Power Analytics Software End User License Agreement

Power Analytics Corporation

Software End User License Agreement

IMPORTANT-READ CAREFULLY

This Power Analytics Corporation End-User Software Subscription License Agreement (“EULA”) is a legal agreement between you (either an individual or single entity (hereafter referred to as “Licensee”) and Power Analytics Corporation (hereafter referred to as “Licensor”) for the applicable software suite (as identified on Licensor’s website) and its associated databases, device drivers, configuration files, and any printed materials which may include online or electronic documentation (collectively the “Software Product”). By installing, arranging for the installation of, opening the packaged software CD, or otherwise using the Software Product, Licensee agrees to be bound by the terms of this EULA. If Licensee does not agree to all of the terms of this EULA, Licensee is not authorized to install or use the Software Product and should click the “I do not accept” option during installation, delete all copies of the software installation programs, and return any packaged software, whether opened or unopened, to Licensor at the location below within seven (7) days of the date of purchase: Power Analytics Corporation 8521 Six Forks Rd, Forum II Suite 110 Raleigh NC 27615 USA

SOFTWARE PRODUCT LICENSE

The Software Product is protected by copyright laws and international copyright treaties as well as other intellectual property laws and treaties. The Software Product is a subscription license and is not being sold hereunder. No ownership rights to the Software Product are conveyed under this Agreement. 1. GRANT OF LICENSE Subject to payment of the applicable subscription license and other fees, Licensor grants Licensee a nonexclusive, nontransferable license (“License”) to install and use the Software Product in a manner consistent with related documentation. If the Software Product and related License is intended to be used at a specific location (hereinafter a “Site”), the Software Product shall be used solely in the designated location. No right, title, or interest in the Software Product is transferred in granting this license. The Software Product may be licensed pursuant to a software license agreement (“Software License Agreement”) between Licensor and a third-party reseller (“Licensor’s Agent”). In such instances, the License granted hereunder is subject to the terms of this EULA and the Software License Agreement. 2. RIGHTS AND LIMITATIONS Licensee’s rights and limitations in the use of the Software Product are governed by the type of license purchased and the number of concurrent users included with such license or subscription. Licensee’s installation and usage rights are limited as follows: * Single User License: If Licensee has purchased a single user license, Licensee solely: (i) only at the Site(s) and on a single computer or a server at the Site, or (ii) on a portable computer designated for exclusive use by one or more of Licensee’s permanent employees assigned to such Site for use in the field or for site visits. If the Software Product is installed on a server, access to the server must be limited to permitted employees located at the Site. The Software Product may be accessed and used only by a single concurrent user. Multiple users may access the Software Product, provided, however, only one user may access the Software Product at any one time.

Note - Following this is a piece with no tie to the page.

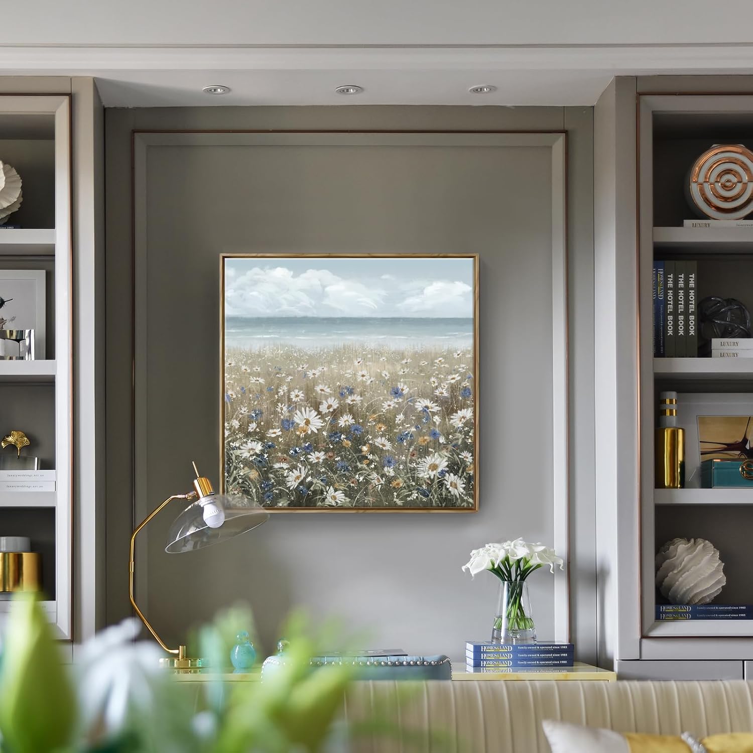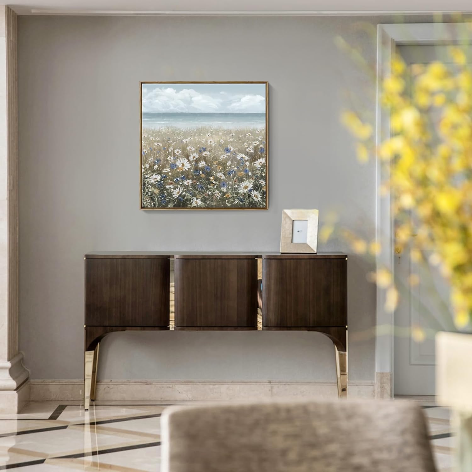 - ➤Bring a Beach Vibe to Your Space: This floral wall picture depicts a seashore covered with newly blooming wildflowers Daisy. The upper half of the flower wall art features a blue sky and a calm ocean in pale blue and grey tones for a fresh and breezy look. The lower half of the artwork is covered in a neutral palette of white, cream, and brown to complete this coastal farmhouse piece.

* Multiple User License: If Licensee has purchased a multiple user license, Licensee may install and use the Software Product: (i) on a server located at any Site solely accessible by permitted employees assigned to the Site, or (ii) on one or more computers designated for exclusive use at the Site by one or more of Licensee’s permitted employees, or if used in the field or for site visits, then only by permitted employees assigned to the Site. The Software Product may be accessed and all copies collectively used only by the number of concurrent users specified in Licensee’s Software Purchase Agreement.

* Server License: If Licensee has purchased a server license, Licensee may install and use the Software Product only on a single, separate server or designated virtual server with a unique MAC address as provided to POWER ANALYTICS located at the Site. Access to the server must be limited to permitted employees located at the Site.

* Enterprise License: If Licensee has purchased an enterprise license, Licensee may install and use the Software for the designated enterprise.

* Annual Subscription License: If Licensee has purchased an Annual subscription (Valid for 365 days), the terms are the same as above for single user license, multiuser license and server license options.

* Monthly Subscription: If Licensee has purchased a monthly subscription (e.g. DesignBase Xi), Licensee may install and use the Software Product on a monthly basis, with one license use for one user and not to be utilized amongst multiple users. For the avoidance of doubt, Licensee may not use a single cloud or virtualized version of Software Product as a site license shared among multiple users.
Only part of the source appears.